REKLAMI GEÇ

MEANDROS İÇİN EPİGRAF

29 Mayıs 2014 Perşembe

denizli-buyuk-menderes-olmeye-yatan-nehir-meandros-yasar-tok-yazii-dizisi-forum-camlik-h
Menderes yazı dizimiz için zaman geldi.  Gezi kıvamına gelen mevsimle birlikte yollara düştük. İlk üç günümüzü, suyun kaynağına ulaşıp sonra gerisin geri, adım adım arşınlayarak Çal’a kadar izini sürdüğümüz su yolu güzergahında geçirdik. Yol arkadaşım, adına çoğumuzun aşina olduğu Hakan Keysan’dı. Birlikte izledik, gözledik, söyleştik ve su yolunda binlerce yıldan beri devam eden hayatın şimdiki seyrine tanık olduk.

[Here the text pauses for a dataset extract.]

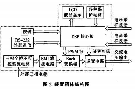 DSP产生频率可调的SPWM波和占空比可调的PWM波后,经I/O口分别输送给逆变电路和功率调节电路。 外部存储器模块由DSP控制.主要用于存储试验的重要设置以及试验数据.使装置重启动之后无需重新 设置;输入模块直接与DSP相连,用户可以通过直接对DsP输入命令来调节正弦波的频率:显示模块主要显示试验电压、频率等数据.并通过人机界面进行实验数据的相关设置。

Bu gezinin yazıları her okuyana keyif verir mi bilmem. Belki nehir sizi ilgilendirmeyecek, belki uzun uzun betimlemeler, anlatılar sizi sıkacak, belki üslubumuz yabancı gelecek; ama yine de ilginizi çekebileceğini sandığım bir noktaya işaretle devam edelim, Menderes ırmağı geçmiş bütün zamanların tarihi. Her çağın izlerini o yola kazımış, kendi arkeolojisini ‘kendisi yazmış.’ Hayat vermiş, hayatlar almış. Adına türküler yakılmış, ağıtlar söylenmiş. Ama en çok suyolu bereketiyle mukim olmuş.
Biz bu bereketin şimdiki halini/hallerini yazacağız. Ne gördüysek, ne okuduysak ve duyduysak, hangi sonuçları çıkardık ve nasıl yorumladıysak öyle yazacak, öyle kaleme dökeceğiz.
Umarız, bu dizi yazı ilginizi çeker. Umarız Menderes üzerine söylenceler, efsaneler ve masallarla örülü tarihin gizine bir yol da biz açarız, onu geçmişten günümüze taşır ve acı-tatlı tüm gerçekliğinin yakalayabildiğimiz yanlarını sizlerle paylaşırız.

ic-5
MENDERES ÖYKÜSÜ NASIL YAZILMALI?
Doğrusu biz nehrin öyküsünü yazmaya soyunmadık. Bu muazzam bir çalışma olurdu. Ama geniş ve disiplinlerarası işbirliğini gerektiren kolektif bir bilimsel çalışma. Böyle bir çalışma için en başta olanaklarımız yok. Ayrıca bilimsel bir çalışma değil, gezi gözlemleri formatında yazacağız. Bir gazetecinin dili ile kurgulayacak, gözlediklerimizden kısmi sonuçlar çıkaracağız. “Tarihin Peşinde” dizisi dönemindeki birikimimizin sağladığı imkanları kullanacağız. Kenarda köşede kalmış kaynakları bulacak, bizden önceki ve şimdi bu konuya ilgi duyanların metinlerini araştıracağız.Yeni araştırmalara ilgi gösterecek, onların bulgu, bilgi ve belgelerine ulaşmaya çalışacağız.

ic-8

Ama bir kez daha belirtelim, biz nehri baştan sona, dört başı mamur bir öyküleme peşinde değiliz. Hipotezimiz, “Menderes Kurtulur” teması üzerine kurgulandı, bu kurgu üzerinden araştırma ve yazmalarımıza biçim vereceğiz.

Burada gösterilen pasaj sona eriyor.